Der größte Nachteil dieses Ansatzes war das manuelle Design von MBs für die Live-Zell-Bildgebung. Um dies zu beheben, haben wir ein Python-basiertes Programm (PinMol) geschrieben, das leicht zugängliche Ziel-Sites innerhalb einer mRNA identifiziert, indem suboptimale Sekundärstrukturen zusätzlich zum MFE berücksichtigt werden, sowie Haarnadelsonden entwirft, die am besten sind. geeignet für den Nachweis von mRNAs in lebenden Zellen24. PinMol nutzt strukturelle Informationen aus sekundären Strukturen der Ziel-RNA, die über Energieminimierungsansätze vorhergesagt werden, und durch die Einbeziehung von Informationen aus suboptimalen Strukturen wird die Flexibilität oder Steifigkeit spezifischer Zielregionen bei der Entwicklung von MBs bewertet werden. Dabei werden die Zugänglichkeit der Zielregionen sowie die inter- und intramolekularen Wechselwirkungen jeder ausgewählten Sonde berücksichtigt. Darüber hinaus sollten stark regulierte RNA-Strecken (z. B. Bindungsstellen für microRNAs oder RNA-bindende Proteine) bei der Auswahl von Sonden nicht als Zielstandorte betrachtet werden, da diese Regionen zu einer ineffizienten Bindung der MBführen führen können. Der Benutzer kann Prüfpunkte auswerten und eliminieren, die auf diese Websites abzielen, oder die zielartig einschränken, die von PinMol zum Entwerfen von Sonden verwendet wird, sodass solche Sites nicht enthalten sind. Die relative Leistungsfähigkeit von PinMol wurde durch den Vergleich des Rankings von PinMol designed MBs mit den experimentellen Ergebnissen von manuell entworfenen MBs24demonstriert. Pinmol wählte und entwarf MBs für ähnliche Zielregionen sowie identifizierte neue zugängliche Standorte auf der mRNA. Dies ist für die Detektion von Transkripten mit niedriger Kopiernummer, bei denen das Fluoreszenzsignal über dem Hintergrund erhöht werden muss, von entscheidender Bedeutung. Durch die Skalierung der MB-Nummern, die effektiv zu mehreren zugänglichen Standorten auf einer Ziel-mRNA hybridisieren, kann eine Signalverstärkung erreicht werden. Daher ermöglicht dieses Programm einen schnellen Ansatz, um mehrere MBs pro Ziel-mRNA zu entwerfen und gleichzeitig zahlreiche mRNAs in einer Live-Zelle zu visualisieren.

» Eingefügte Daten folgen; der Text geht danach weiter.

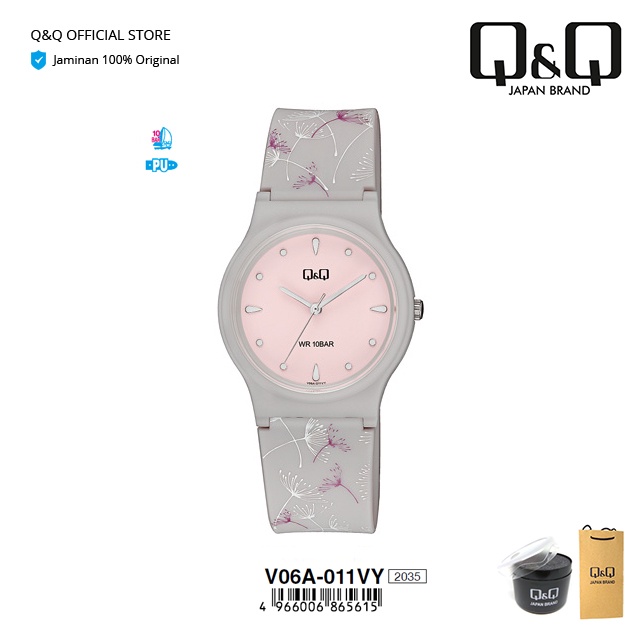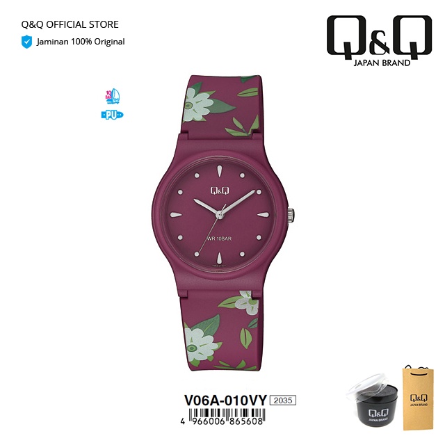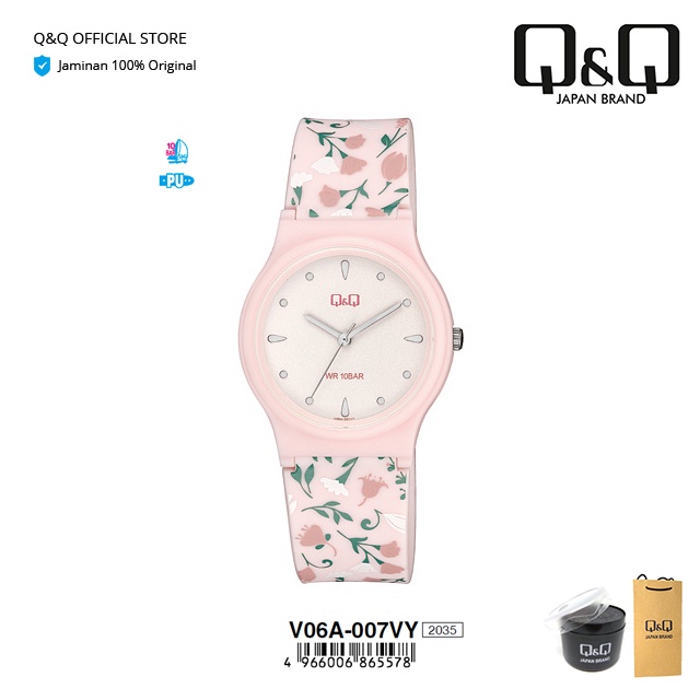 Q&Q QnQ QQ Original Jam Tangan Wanita Motif Bunga Analog Rubber - V06 V06A Water Resist 10 BAR

Um qualitativ hochwertige 5D (XYZCt) Erfassungsdaten von transportierten mRNAs innerhalb der Eikammer zu erreichen, sind eine ordnungsgemäße Zerlegung einzelner Eikammern und eine effektive Mikroinjektion in Pflegezellen von entscheidender Bedeutung. Bei Studien in frühen Entwicklungsstadien kann die Mikroinjektion die Lebensfähigkeit der Eikammer beeinträchtigen und somit die Länge eines Live-Zell-Bildgebungsexperiments verkürzt werden (<20 min). Eine erhöhte Erfolgsrate der Mikroinjektionsexperimente kann durch den Einsatz handelsüblicher ultrafeiner Nadeln sichergestellt werden. Darüber hinaus ist eine schnelle Einrichtung der Erfassungseinstellungen wichtig, damit die frühen Zeitpunkte nach der Injektion erfasst werden können. Die Qualität der Spot-Erkennungs- und Tracking-Daten wird nur so gut sein wie die Qualität der aufgenommenen Bilder.

Bei der Bildaufnahme ist es wichtig, dass auch nachfolgende Analyseschritte sorgfältig und präzise durchgeführt werden. Obwohl die Verarbeitung und Analyse nach dem Erwerb ihre eigenen Schwierigkeiten bietet, können sie durch die Auswahl der geeigneten Software für das jeweilige Experiment oder Beispiel optimiert werden. Aktuelle Programme sind Volocity (PerkinElmer), Imaris (Bitplane), ImageJ/Fiji und Icy37. Von den dreien bietet Eis mehrere Vorteile, da es sich um eine offene Community-Plattform handelt, die sowohl die Verarbeitung (über ImageJ) als auch die Analyse von Bilddaten ermöglicht. Hier beschreiben wir die Notwendigen für die effiziente Verarbeitung und Analyse von RNA-Bilddaten mit Eis. Unsere Ergebnisse sind repräsentativ für Daten, die durch die Kovisualisierung von zwei mRNA-Arten in einer ganzen Eikammer und durch die Verfolgung einer mRNA über die MB-Technologie und das MS2/MCP-System gewonnen wurden.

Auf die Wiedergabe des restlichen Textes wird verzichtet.